Stored data:

----

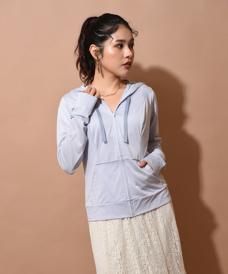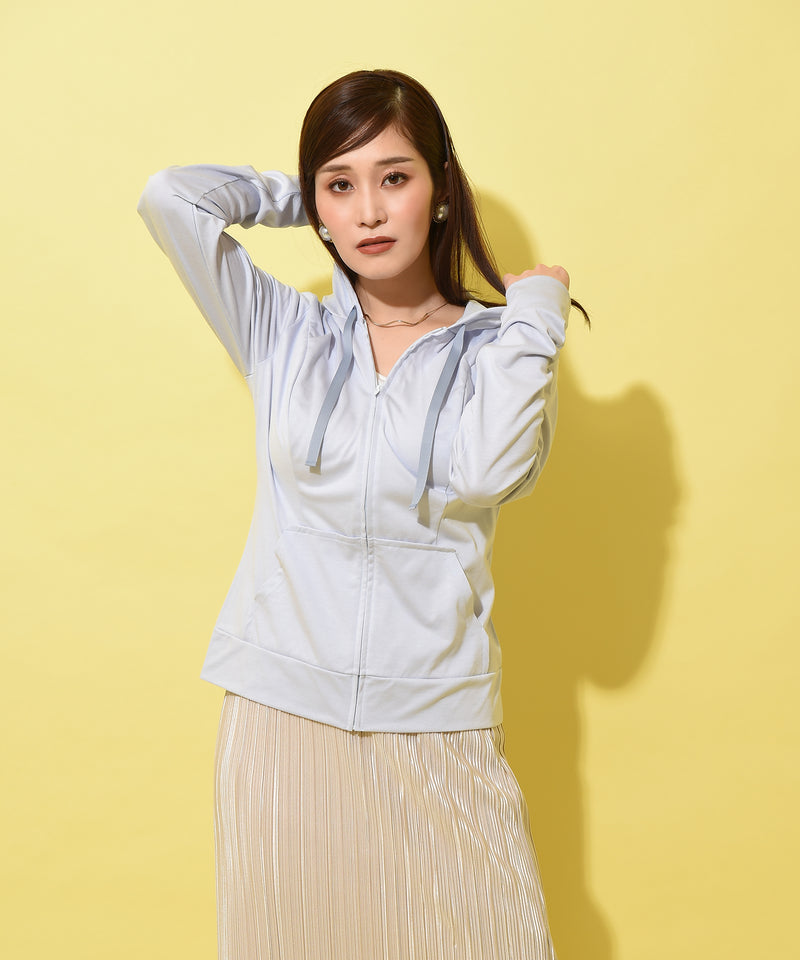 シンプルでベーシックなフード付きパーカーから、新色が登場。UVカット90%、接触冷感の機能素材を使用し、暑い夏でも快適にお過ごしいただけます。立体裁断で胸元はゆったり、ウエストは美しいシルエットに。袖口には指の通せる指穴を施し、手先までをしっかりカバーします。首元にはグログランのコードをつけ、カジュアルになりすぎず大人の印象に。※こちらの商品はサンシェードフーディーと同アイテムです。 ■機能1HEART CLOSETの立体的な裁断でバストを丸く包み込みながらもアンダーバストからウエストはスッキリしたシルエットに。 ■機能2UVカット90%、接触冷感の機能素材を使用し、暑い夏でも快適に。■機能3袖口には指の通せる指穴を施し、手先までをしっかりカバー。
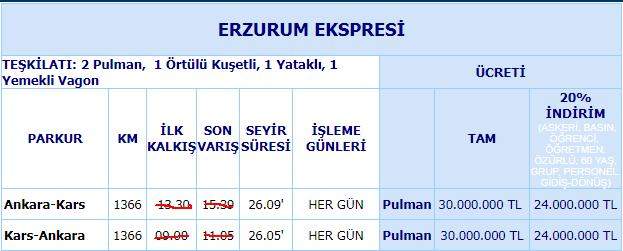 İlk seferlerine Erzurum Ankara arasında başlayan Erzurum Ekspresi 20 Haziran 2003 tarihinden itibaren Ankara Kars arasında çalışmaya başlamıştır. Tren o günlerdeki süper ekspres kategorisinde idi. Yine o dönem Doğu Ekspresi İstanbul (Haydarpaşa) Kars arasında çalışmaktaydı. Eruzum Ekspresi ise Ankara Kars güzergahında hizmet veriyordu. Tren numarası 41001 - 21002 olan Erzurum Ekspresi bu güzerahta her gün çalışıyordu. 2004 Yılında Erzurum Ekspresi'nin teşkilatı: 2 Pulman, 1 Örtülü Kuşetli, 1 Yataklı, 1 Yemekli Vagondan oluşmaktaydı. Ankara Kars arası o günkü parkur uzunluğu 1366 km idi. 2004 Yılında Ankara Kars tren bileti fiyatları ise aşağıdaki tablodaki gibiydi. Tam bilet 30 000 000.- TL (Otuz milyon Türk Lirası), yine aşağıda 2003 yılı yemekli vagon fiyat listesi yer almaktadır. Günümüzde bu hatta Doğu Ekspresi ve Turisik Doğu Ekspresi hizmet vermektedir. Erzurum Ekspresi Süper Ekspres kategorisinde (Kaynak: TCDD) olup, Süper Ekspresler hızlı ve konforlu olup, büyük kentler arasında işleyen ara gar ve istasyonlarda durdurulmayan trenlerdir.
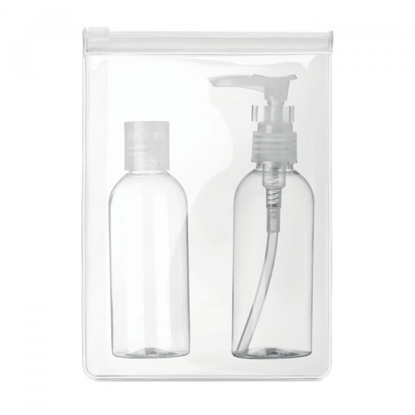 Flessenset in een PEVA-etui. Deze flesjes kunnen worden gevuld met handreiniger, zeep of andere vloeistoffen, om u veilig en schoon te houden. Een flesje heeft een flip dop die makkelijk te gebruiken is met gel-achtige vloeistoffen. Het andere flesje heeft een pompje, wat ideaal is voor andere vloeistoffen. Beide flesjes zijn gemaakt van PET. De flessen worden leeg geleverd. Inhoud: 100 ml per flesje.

----

What the exercise asks:
Would you repeat the listing above exactly, minus the images?

Answer to the problem:
 シンプルでベーシックなフード付きパーカーから、新色が登場。UVカット90%、接触冷感の機能素材を使用し、暑い夏でも快適にお過ごしいただけます。立体裁断で胸元はゆったり、ウエストは美しいシルエットに。袖口には指の通せる指穴を施し、手先までをしっかりカバーします。首元にはグログランのコードをつけ、カジュアルになりすぎず大人の印象に。※こちらの商品はサンシェードフーディーと同アイテムです。 ■機能1HEART CLOSETの立体的な裁断でバストを丸く包み込みながらもアンダーバストからウエストはスッキリしたシルエットに。 ■機能2UVカット90%、接触冷感の機能素材を使用し、暑い夏でも快適に。■機能3袖口には指の通せる指穴を施し、手先までをしっかりカバー。
 İlk seferlerine Erzurum Ankara arasında başlayan Erzurum Ekspresi 20 Haziran 2003 tarihinden itibaren Ankara Kars arasında çalışmaya başlamıştır. Tren o günlerdeki süper ekspres kategorisinde idi. Yine o dönem Doğu Ekspresi İstanbul (Haydarpaşa) Kars arasında çalışmaktaydı. Eruzum Ekspresi ise Ankara Kars güzergahında hizmet veriyordu. Tren numarası 41001 - 21002 olan Erzurum Ekspresi bu güzerahta her gün çalışıyordu. 2004 Yılında Erzurum Ekspresi'nin teşkilatı: 2 Pulman, 1 Örtülü Kuşetli, 1 Yataklı, 1 Yemekli Vagondan oluşmaktaydı. Ankara Kars arası o günkü parkur uzunluğu 1366 km idi. 2004 Yılında Ankara Kars tren bileti fiyatları ise aşağıdaki tablodaki gibiydi. Tam bilet 30 000 000.- TL (Otuz milyon Türk Lirası), yine aşağıda 2003 yılı yemekli vagon fiyat listesi yer almaktadır. Günümüzde bu hatta Doğu Ekspresi ve Turisik Doğu Ekspresi hizmet vermektedir. Erzurum Ekspresi Süper Ekspres kategorisinde (Kaynak: TCDD) olup, Süper Ekspresler hızlı ve konforlu olup, büyük kentler arasında işleyen ara gar ve istasyonlarda durdurulmayan trenlerdir.
 Flessenset in een PEVA-etui. Deze flesjes kunnen worden gevuld met handreiniger, zeep of andere vloeistoffen, om u veilig en schoon te houden. Een flesje heeft een flip dop die makkelijk te gebruiken is met gel-achtige vloeistoffen. Het andere flesje heeft een pompje, wat ideaal is voor andere vloeistoffen. Beide flesjes zijn gemaakt van PET. De flessen worden leeg geleverd. Inhoud: 100 ml per flesje.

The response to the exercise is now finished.